Танбридж Уэллс, графство Кент, Великобритания

Подданство:

Великобритания

Гражданство:

Жанр:

фотография, живопись, портрет, жанровая сцена

Стиль:

прерафаэлиты, пикториализм

Влияние:

Клементина Гаварден

Генри Пич Робинсон (англ. Henry Peach Robinson, 9 июля 1830, Ладлоу, графство Шропшир, Великобритания — 21 февраля 1901, Танбридж Уэллс, графство Кент, Великобритания[1]) — английский художник и фотограф, близкий к прерафаэлитам.





Биография

Фотограф родился и провёл детство в Ладлоу, был младшим из шести детей. Его отец Джон Робинсон был школьным учителем[2]. Он получил первоначальное образование в Академии Горацио Рассела в родном Ладлоу. В тринадцать лет он стал заниматься живописью и графикой у местного художника Richard Penwarne (занятия продолжались только один год), впоследствии стал учеником книготорговца и печатника Ричарда Джонса.

В 18501852 годах работал в книготорговых фирмах Benjamin Maund и Whittaker & Co, при этом продолжал заниматься живописью в качестве хобби. В 1852 году он выставил свою картину «On the Teme Near Ludlow» в Королевской Академии художеств[3] и познакомился с фотографией, начав занятия ей с Hugh Welch Diamond. В 1857 году открыл собственную фотостудию в Лимингтоне[4]. Студия занималась портретными фотографиями. В 1859 году он женился на Selina Grieves, дочери химика из Ладлоу. Впоследствии у них родились четыре дочери.

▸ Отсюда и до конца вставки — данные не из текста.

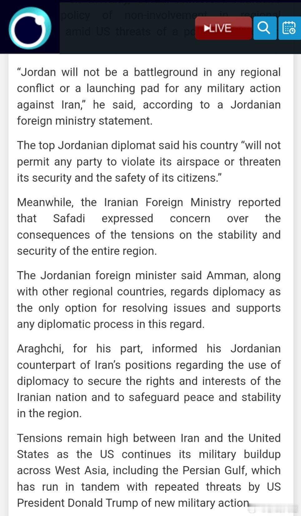 约旦外交大臣艾曼·萨法迪向伊朗保证,约旦不会允许其领土或领空被用于对伊朗伊斯兰共和国发动军事打击。
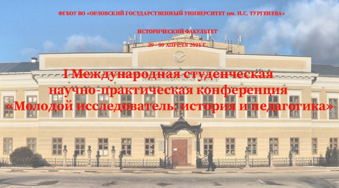 29-30 апреля 2021 г. на базе исторического факультета Орловского государственного университета имени И.С. Тургенева состоялась I Международная студенческая научно-практическая конференция «Молодой исследователь: история и педагогика».
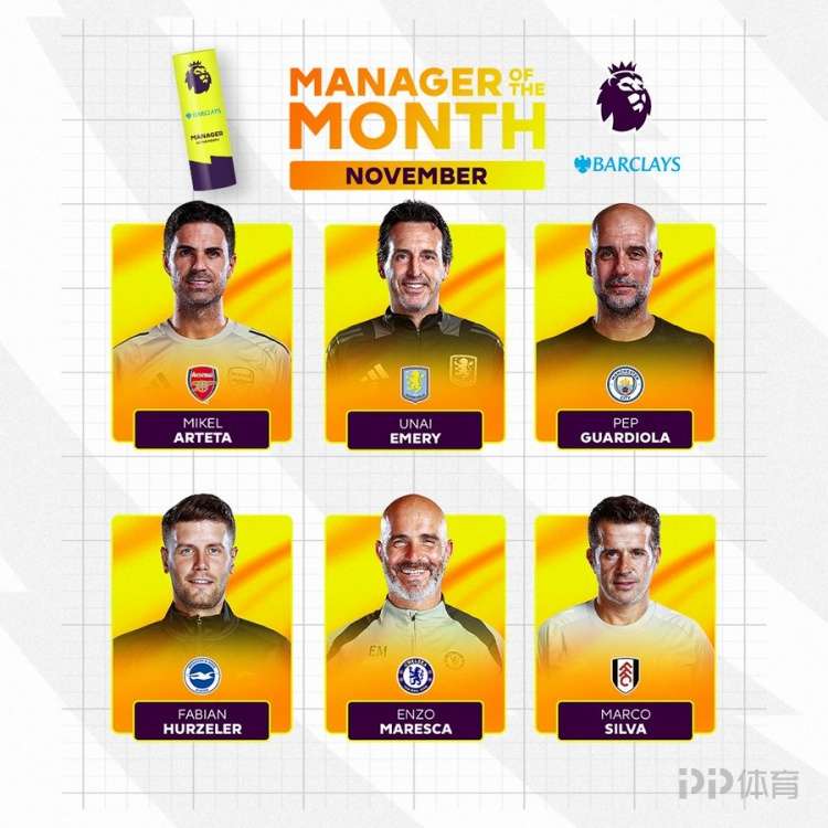 英超11月最佳主帥候選:阿爾特塔、瓜迪奧拉、馬雷斯卡在列
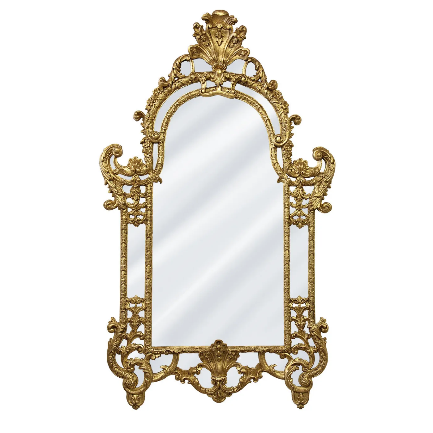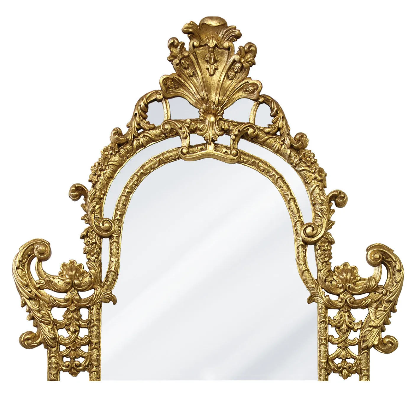 Questa magnifica cornice è stata intagliata a mano su legno antico. Ogni fase della lavorazione di questo pezzo è stata eseguita con tecniche antiche conosciute fin dal XIV secolo, dalla preparazione alla doratura in oro zecchino a 22 carati utilizzando solo materiali naturali, alla finitura e alla patina finale di invecchiamento aggiunta. Parte di una collezione esclusiva di soli due pezzi, questo specchio incorniciato creerà un effetto sorprendente in qualsiasi ambiente venga collocato.

В 1864 году закрыл студию на время из-за плохого состояния здоровья, вызванного воздействием токсичных фотохимикатов. Робинсон в возрасте тридцати четырёх лет тяжело заболел.

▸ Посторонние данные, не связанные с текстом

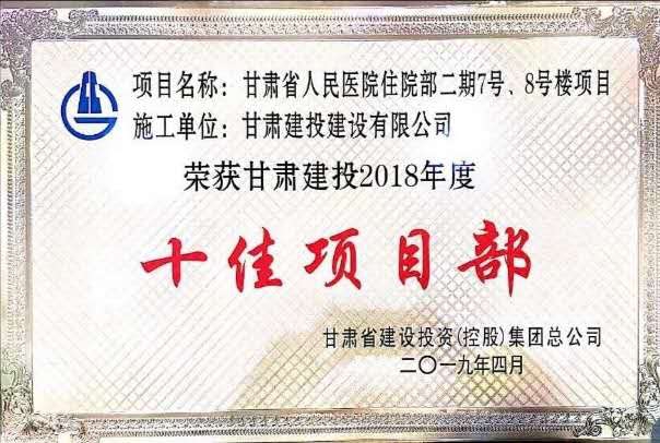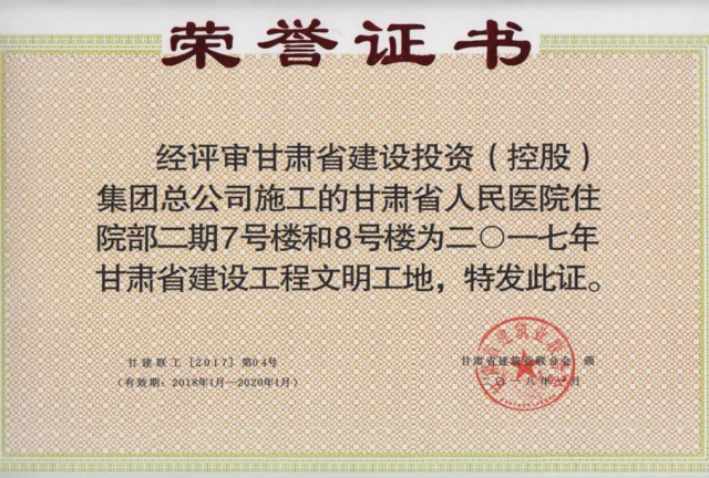 該項(xiàng)目自開工以來,安全文明施工管理取得了一定的成效,接受了省安質(zhì)局、蘭州市城市管理行政執(zhí)法局、蘭州市環(huán)保局、蘭州市綜治辦、蘭州市建設(shè)局等政府主管部門及甘肅建投的多次檢查,均得到了好評,曾一度被評為甘肅建投系統(tǒng)“安全文明施工”第一名,同時(shí),項(xiàng)目的安全文明施工成果也得到了建設(shè)單位、監(jiān)理單位以及社會(huì)各界的認(rèn)同和贊譽(yù)。在2017年,甘肅省人民醫(yī)院項(xiàng)目部被甘肅省建筑業(yè)聯(lián)合會(huì)評為甘肅省建設(shè)工程文明工地。2018年度甘肅省人民醫(yī)院住院部二期7號樓和8號樓項(xiàng)目被中國建筑業(yè)協(xié)會(huì)建筑安全分會(huì)評為2018年參加全國范圍組織學(xué)習(xí)交流的建設(shè)工程施工安全生產(chǎn)標(biāo)準(zhǔn)化工地。
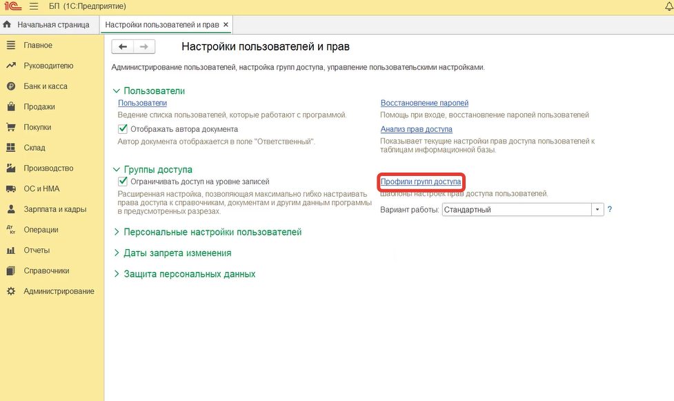 Если необходимо более точно настроить права, можно создать свой профиль. Для этого вернитесь в "Настройку пользователей и прав": "Группы доступа" → "Профили групп доступа".
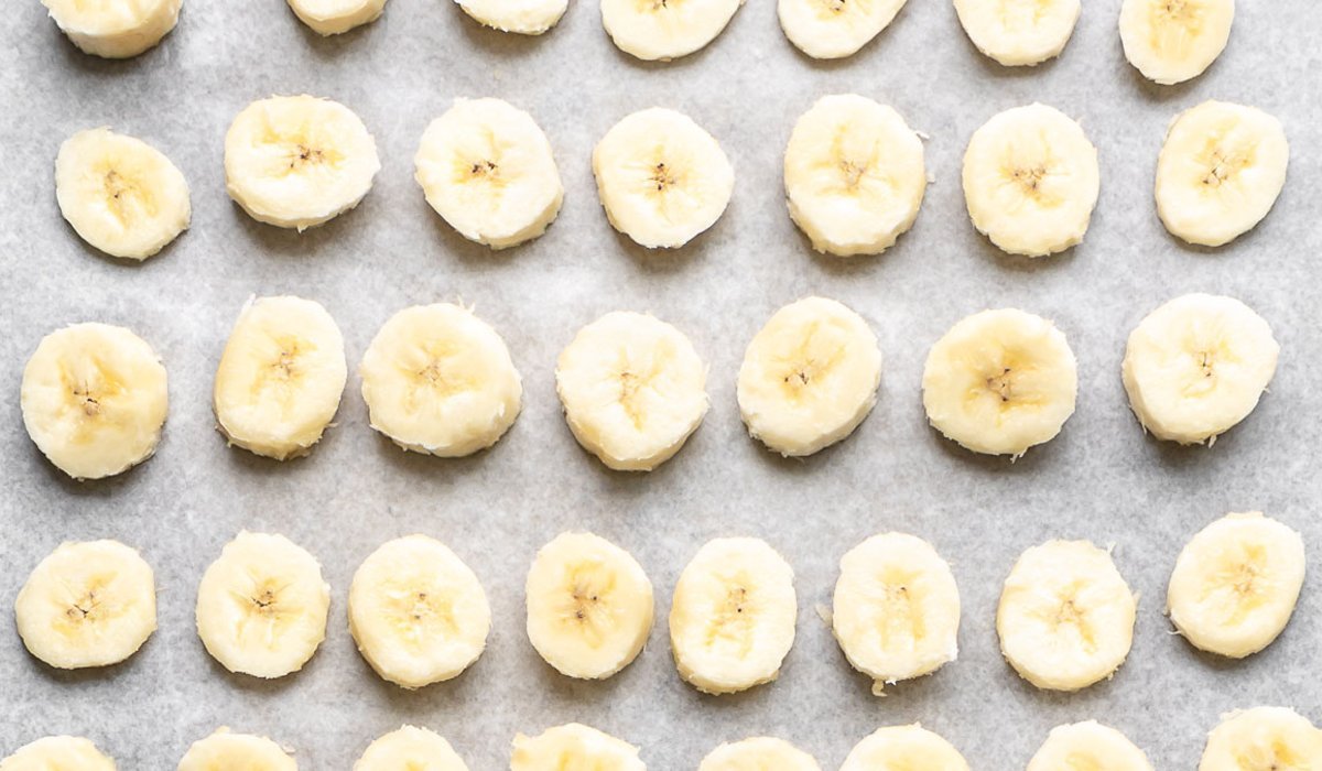 - Очистіть банани від шкірки і наріжте кружечками товщиною 0,5 см. Розкладіть шматочки на дошку, застелену пергаментом в один шар. Слідкуйте, щоб вони не торкалися один одного. Покладіть в морозилку і заморозьте до твердого стану (приблизно на 1 годину).

Робинсон переехал в Лондон, где создал теоретические работы «Изобразительный эффект в фотографии», «Рекомендации по композиции и светотени для фотографов»; они были опубликованы в 1868 году. Генри Пич Робинсон одним из первых изложил принципы пикториализма в своих книгах[5]. Робинсон считал фотографию не документом, а произведением искусства. Призывал смешивать реальность и живопись в процессе обработки снимков.

Примерно в это же время его здоровье улучшилось настолько, чтобы открыть новую студию в Танбридж Уэллс совместно с Nelson King Cherrill. Партнерство с ним прекратилось в 1875 году, Робинсон продолжал дело сам до 1888 года.

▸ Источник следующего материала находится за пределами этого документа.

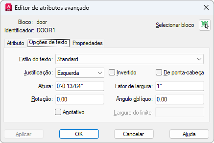 Configura as propriedades que definem a forma como o texto de um atributo é exibido no desenho. Altere a cor do texto do atributo na guia Propriedades.
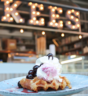 One of the best ice cream makers in the country can be found in a corner of the gourmet market. A wide selection of tasty flavours awaits you and if that’s not what you’re in the mood for, they serve warm waffles too. Both topped with fresh, seasonal products.
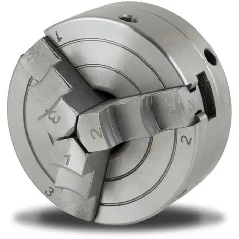 Ce mandrin à trois mâchoires a des mâchoires réversibles qui peuvent être utilisées comme mâchoires extérieures ou intérieures simplement en échangeant les positions des mâchoires 1 et 3.
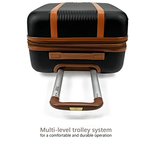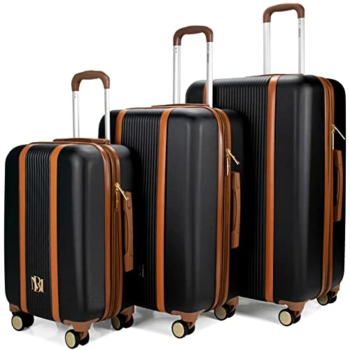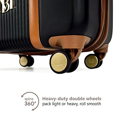 Luggage features: Made from thick ABS with a grainy texture Vintage silhouette with vegan leather and gold accents Eight spinner wheels that roll smooth, quiet, and handle heavyweights Expandable body with differentiated zipper pullers for hassle-free additional packing capacity Sturdy, telescopic, multi-level trolley 3-piece nested set 10-year limited manufacturer warranty
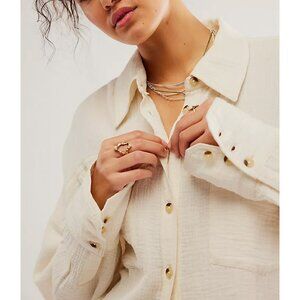 The perfect billowy buttondown from our We The Free collection featured in a gauzy fabrication and relaxed fit with a collared neckline and cuffed sleeves.
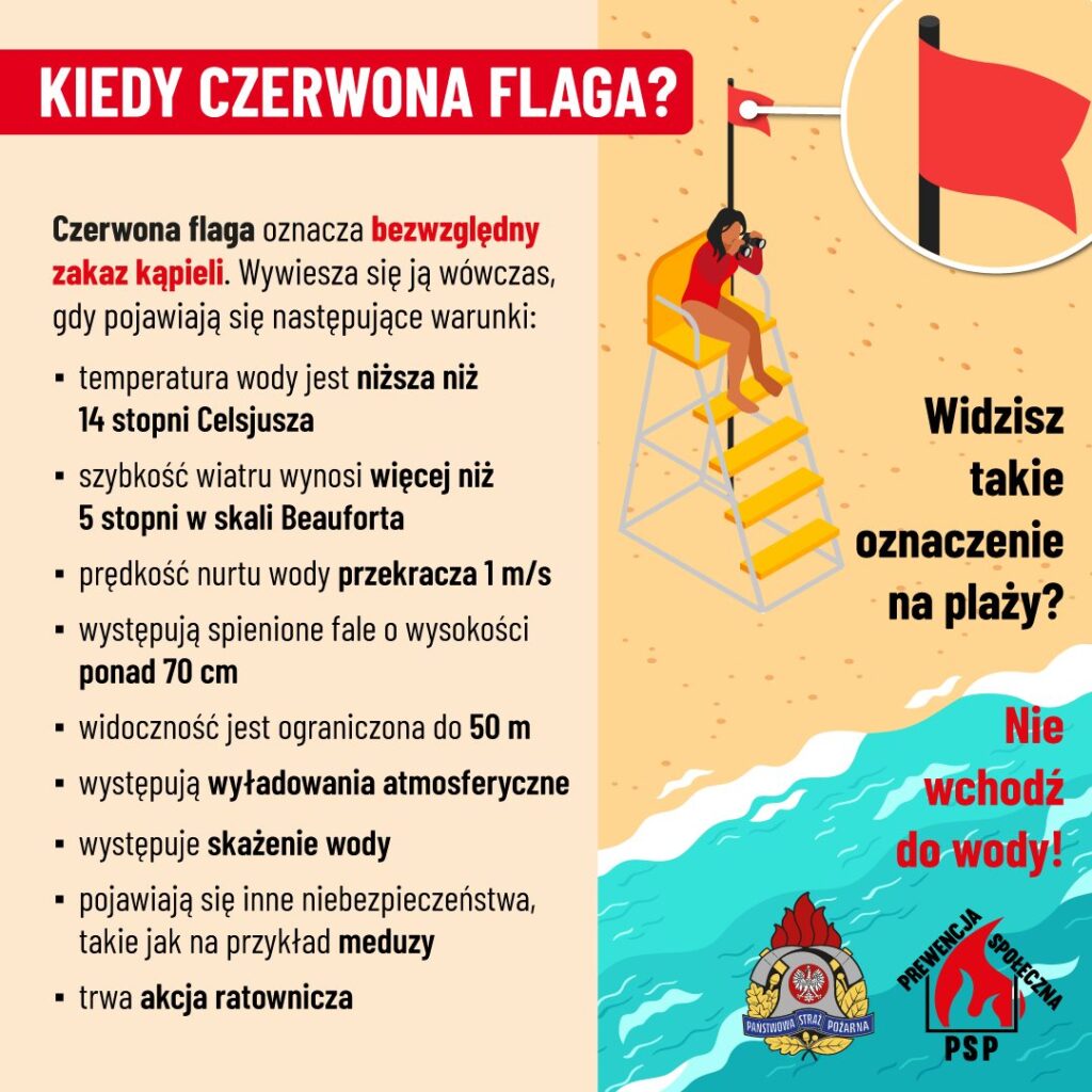 - czerwona flaga – kąpiel zabroniona,

Он умер и был похоронен в Танбридж Уэллс в начале 1901 года.

Организаторская деятельность

В 1856 году Генри Пич стал одним из организаторов Фотографического общества в Бирмингеме. В 1870 году Робинсон стал вице-президентом Королевского фотографического общества. После внутренних распрей, охавтивших это общество, он ушел в отставку в 1891 году, чтобы стать одним из первых членов конкурирующего с ним общества The Brotherhood of the Linked Ring, в котором он был активен до 1897 года, когда он был избран почетным членом Королевского фотографического общества. Он был приглашен в качестве Председателя Photographic Convention of the United Kingdom в 1891 году, но, как он описал позже:

«Я был вынужден отказаться, зная, что я не мог выполнять свои обязанности, так, как они должны быть выполнены, имея дефект голоса, который не позволил бы мне зачитывать мои собственные выступления».

— Presidential address by H.P. Robinson to the Photographic Convention of the United Kingdom[6]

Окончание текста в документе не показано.